First off, let's celebrate passing the 4500 word mark, whatever that means. I don't like word or page counting anyway, possibly as little as I do computer spell checkers.

This week I have continued to write about the building blocks (GPS, AGPS, DGPS, WLAN, ...) and have written about two of the most complex systems I have found (Drishti and SWAN). They are excellent prototypes and contain much of the functionality I seek. Interestingly, I haven't encountered any navigation system trying the paradigm of machine learning. As I see it now, there are two major directions to go forward:
1. Make multimodality really work. There are already excellent commercial GPS systems for the blind; It is time to extend that. Find a way to put all kinds of sensors in an efficient device that lasts an acceptable time on batteries. Find clever ways of using all the information and presenting it. Provide some minimal functionality at all times.
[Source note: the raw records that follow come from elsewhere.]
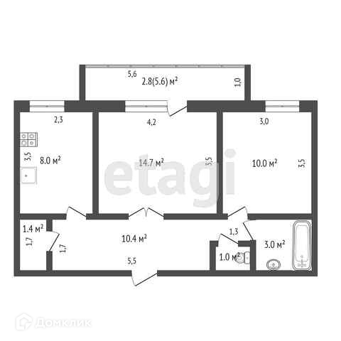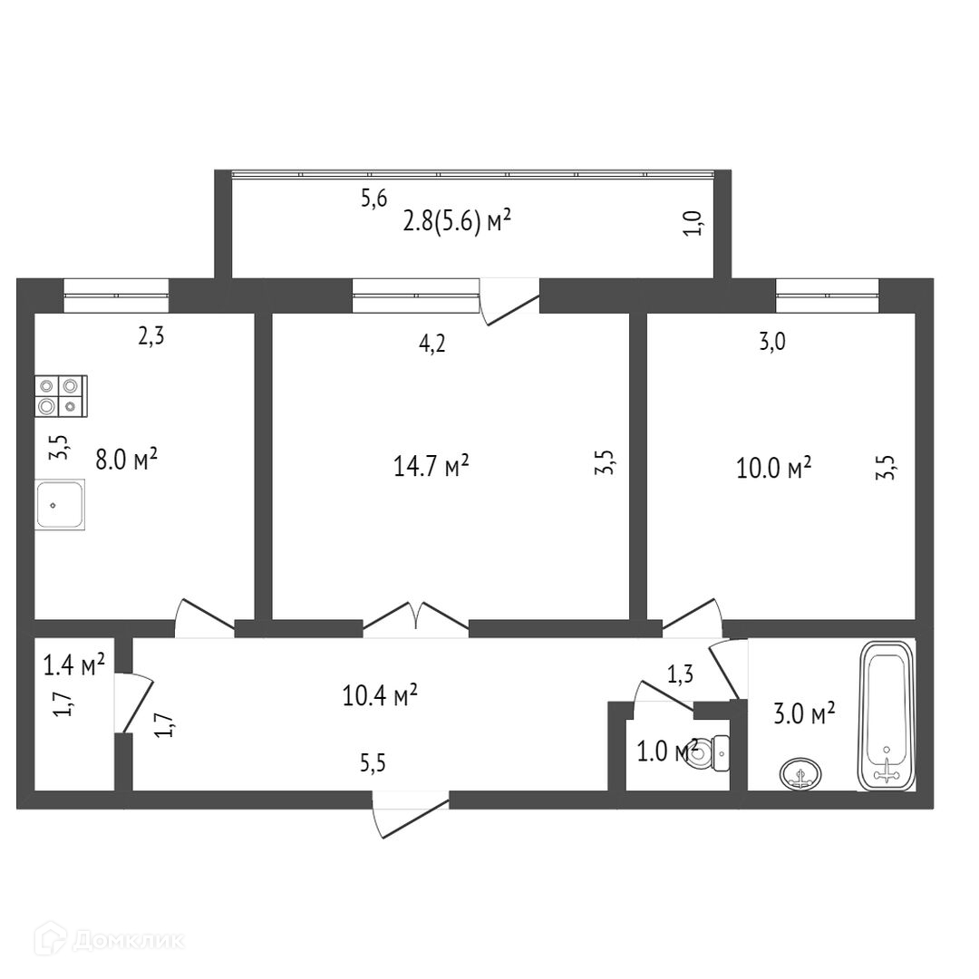 Балкон, лоджия 1 балкон
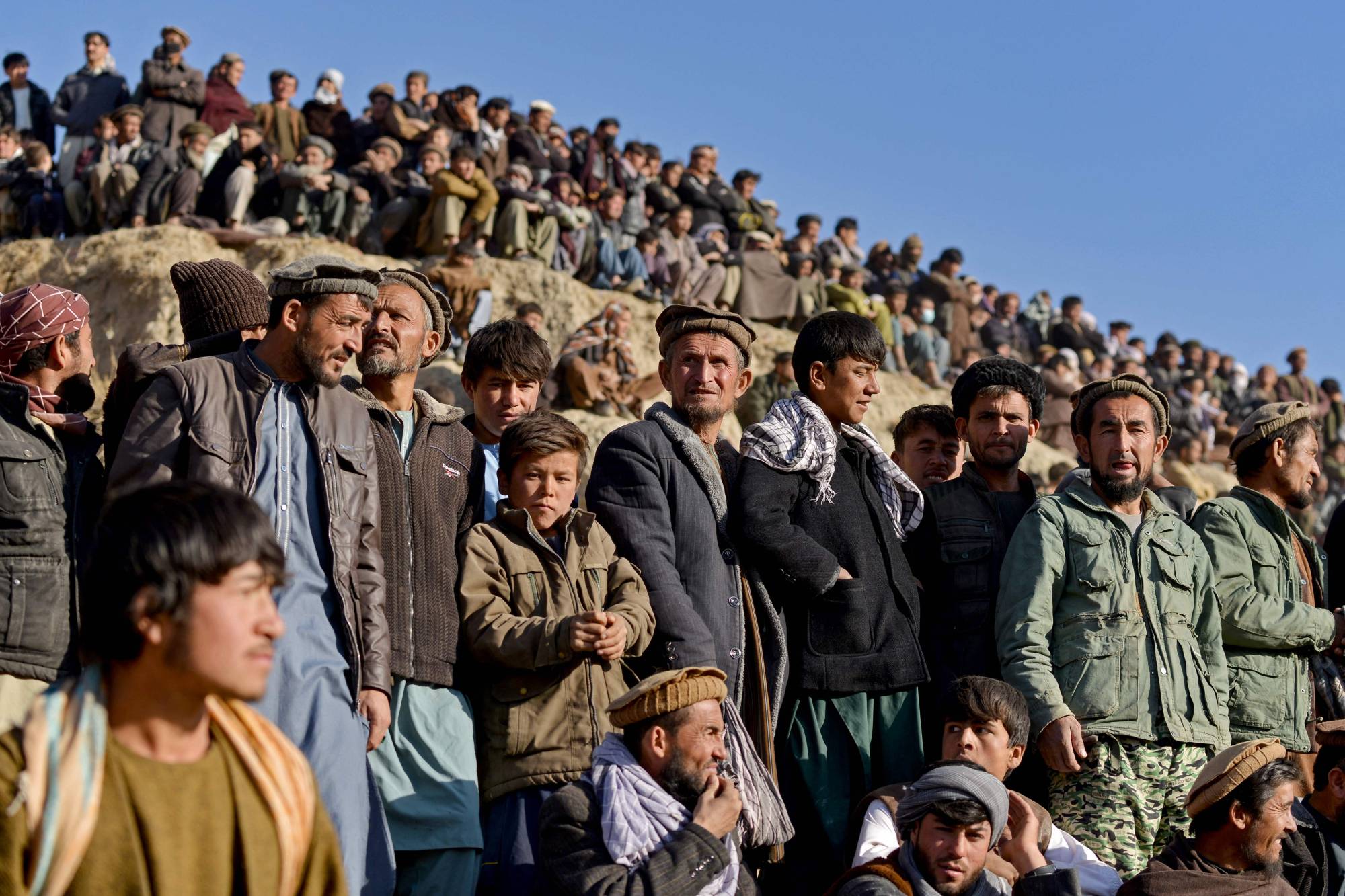 يراقب أفغان من مكان مرتفع فرساناً يتنافسون في رياضة «بوزكاشي – صيد الماعز» التقليدية داخل آسيا الوسطى بحقل بمنطقة أرجو بولاية بدخشان يوم 23 نوفمبر 2025 (أ.ف.ب)
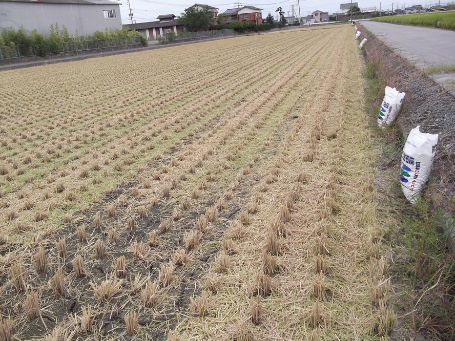 刈取後の田んぼには、早速石灰を入れました。PHを6.5~7.0にもっていくように・・。
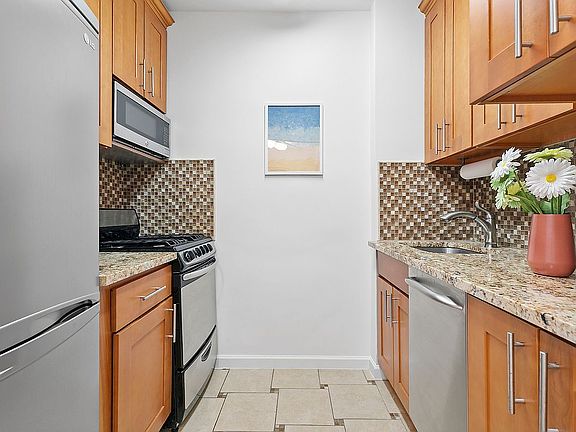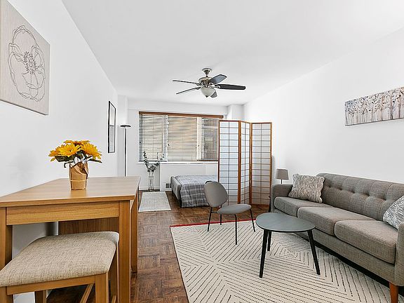 Why rent when you can own? Apartment 10B is the absolute perfect pied a terre or starter apartment. This move-in ready studio features a tastefully renovated kitchen with glass tile backsplash, granite counters, ceramic flooring and stainless appliances (including a dishwasher)! The renovated bathroom offers a bathtub with a glass enclosure, ceramic flooring and walls and an extended granite countertop. The large living space can easily accommodate a living, dining and sleeping area seamlessly. Enjoy your new home's Hunter Douglas ceiling fans, central air conditioning and heating, freshly painted walls and three closets for all of your storage needs.
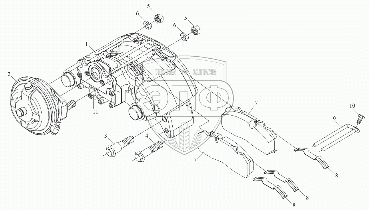 Каталог запасных частей к технике: FAW CA-4180 (P66K2A). Передний дисковый тормоз
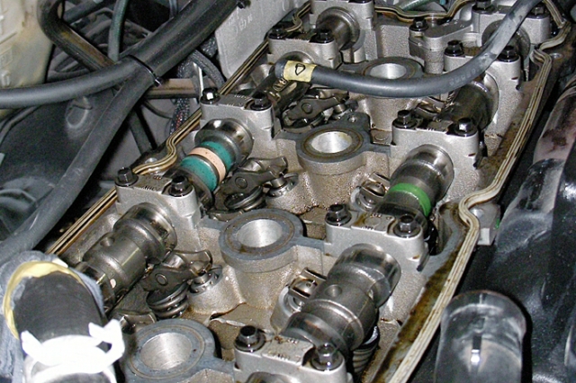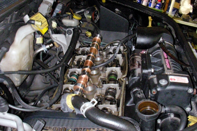 上記はノーマル状態のカム。今まさにこれから交換というところ。言葉で「交換」というのは簡単なことだが、実際の作業は補記類各種を外し、エンジンヘッド部分を開けて作業を行うために、手間はかかるが、効果は絶大。
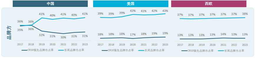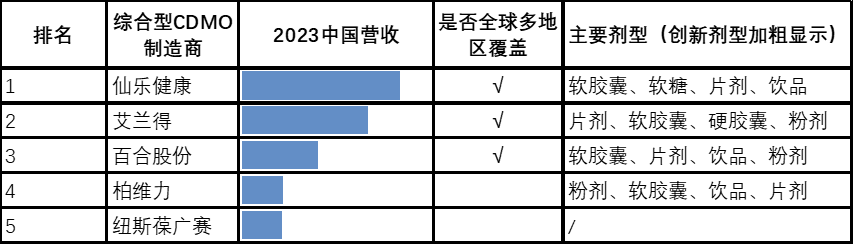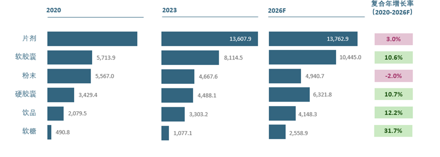 与此同时,年轻人逐渐成为营养健康食品市场的重要增长极。由央视、国家统计局、中国邮政联合发起的《中国美好生活大调查》数据表明:2023 年,18-35 岁年轻人的消费榜单前三位是旅游(32.77%),电脑、手机等数码产品(31.67%)和保健养生(31.04%)。工作压力大、作息不规律的年轻人,将营养健康食品作为辅助健康的重要手段。而年轻群体普遍较高的科学素养、对新鲜事物较高的需求和接受度,预计将推动营养健康食品市场更重视科技创新、优质产品,以满足他们更丰富的细分需求。图表五:各年龄段消费人群每日摄入膳食营养补充剂的频率[6]为了触及更广泛的人群,营养健康食品行业也在不断做出创新,各种产品形态不断涌现,以满足不同人群的健康需求和服用偏好。传统剂型方面,软胶囊、硬胶囊在占据较多市场份额的同时,依然保持较高的复合年增速;创新剂型方面,饮品、软糖越来越受到年轻消费者的青睐,尤其是软糖类食品的外观口味、休闲化的服用体验均推动了该剂型的爆发式增长。无论是胶原蛋白肽、益生菌、叶黄素酯、还是葡萄糖,众多新式成分都可以融入软糖剂型中,通过创新剂型搭载创新成分,叠加美味的食用体验,鼓励年轻一代加入营养健康食品的消费。图表六:2020-2026年中国营养健康食品各剂型产品的零售额(单位:百万美元)[7]从功能细分来看,免疫力/精力提升体量规模最大,是行业上下游企业研发生产的重心之一;人口老龄化带动了心脑健康和代谢的高双位数增长;而随着养生愈发年轻化,抗衰、益生菌与肠道健康功能呈现强劲增长态势。综合剂型和功能的细分,可以看出消费者对于科学功效和新型剂型的需求在不断升级,这对行业的创新发展提出了更高的要求:需要行业上下游持续保持创新活力,通过原料创新、剂型技术创新和渠道创新来推动和维持行业的韧性增长。图表七:2020-2026年中国营养健康食品各功能品类的零售额(单位:百万美元)[8]营养健康食品零售终端的韧性发展离不开中上游产业的稳定供应和生产技术支持。在营养健康食品生产制造方面,上游原料供应的一大关键趋势是持续增强可持续性和透明度,行业越来越重视道德采购和采购对环境友好的原料。而作为中游的生产制造商,则逐渐成为提供产品开发、营销以及建立消费者信任的关键。生产制造商们通过产品创新、质量保证和建立品牌声誉,持续推出热门品类、塑造市场趋势,并影响消费者的购买决定。其中,代工生产制造成为行业内越多品牌选择的生产模式。其稳定的商业模式、强大的研发生产能力以及深入的国际化服务,可以持续为品牌方提供优质产品和服务,从而稳定地获取客源,实现韧性增长。回顾营养健康食品市场竞争格局的变化情况,2023 年零售端头部前十营养健康食品品牌市占率约为 31%,该数字从 2017 年起呈现缓慢下滑的态势。整体市场长尾效应明显,且中小品牌及新锐品牌的零售额占比持续上升。零售端格局的变化同样影响并折射中上游生产制造端的格局波动。一方面,通常小型及新锐品牌多为轻资产模式,缺乏自研自产能力,更倾向将研发生产交由代工生产商完成,代工生产模式预计将获得更多的市场份额。另一方面,在竞争加剧的市场格局下,零售端中大型品牌对代工生产商的资质、研发和生产能力提出更高要求,代工生产行业预计将进一步向头部集中,更具技术创新、规模优势的企业将获得更高的市场份额。图表八:C端品牌CR10与长尾品牌市占率2017-2023年变化[9]深入解析代工生产制造商,中国本土头部企业正不断推动产业链升级,以其综合性的全球化服务覆盖抢占市场机遇。这种全球化布局包括本地化生产或设立临海制造基地,不仅回应了供应链全球化的需求,也利于敏捷响应当地消费市场的即时趋势。在该背景下,中国营养健康食品市场的稳健发展和中国营养健康食品代工生产商的全球化扩张相得益彰,共同推动头部企业在全球范围内参与国际化竞争。虽然海外也有当地的专业制造商,但这些生产制造企业大多服务于本土市场,而且专注于单种营养健康食品品类或剂型,譬如欧美本土的 CAPTEK、Eurocaps 专注于软胶囊,VitaQuest 则专注于片剂生产。而在目前中国主要代工生产制造商中,仙乐健康以约 2.5 亿美元的中国市场营收占据头部地位,并凭借全球多地区覆盖布局、主攻软胶囊及软糖等高市场增速剂型的优势,持续巩固其市场地位。图表九:2023年中国CDMO竞争格局[10]

2. Let the machine think. One must be careful here, but if done right this could lead to a much easier to use system. One of the important properties I think a system should possess is minimal (and quick) interaction. This is true for mobile devices in general, where it is important to be able to perform tasks quickly.
A system capable of learning would also make adaptation much easier. Users' habis would be picked up and the presentation and behaviour would be adjusted accordingly. Locations that are especially difficult would be noticed and presentation verbosity would be adjusted... Consistency of behaviour is important though, and so if the machine decides to behave differently it has to do so in a way the user expects, or else it could lead to much confusion.

Next week I will write about a couple of other systems, and also polish up this section and check that I actually evalate the systems based on my own recently-established criteria! Also, the pervasive computing viewpoint is something I didn't initially consider, but is something I should definitely consider, as it is a viable future research direction. This paradigm is already applied in some other aids for the disabled including devices for those with dementia.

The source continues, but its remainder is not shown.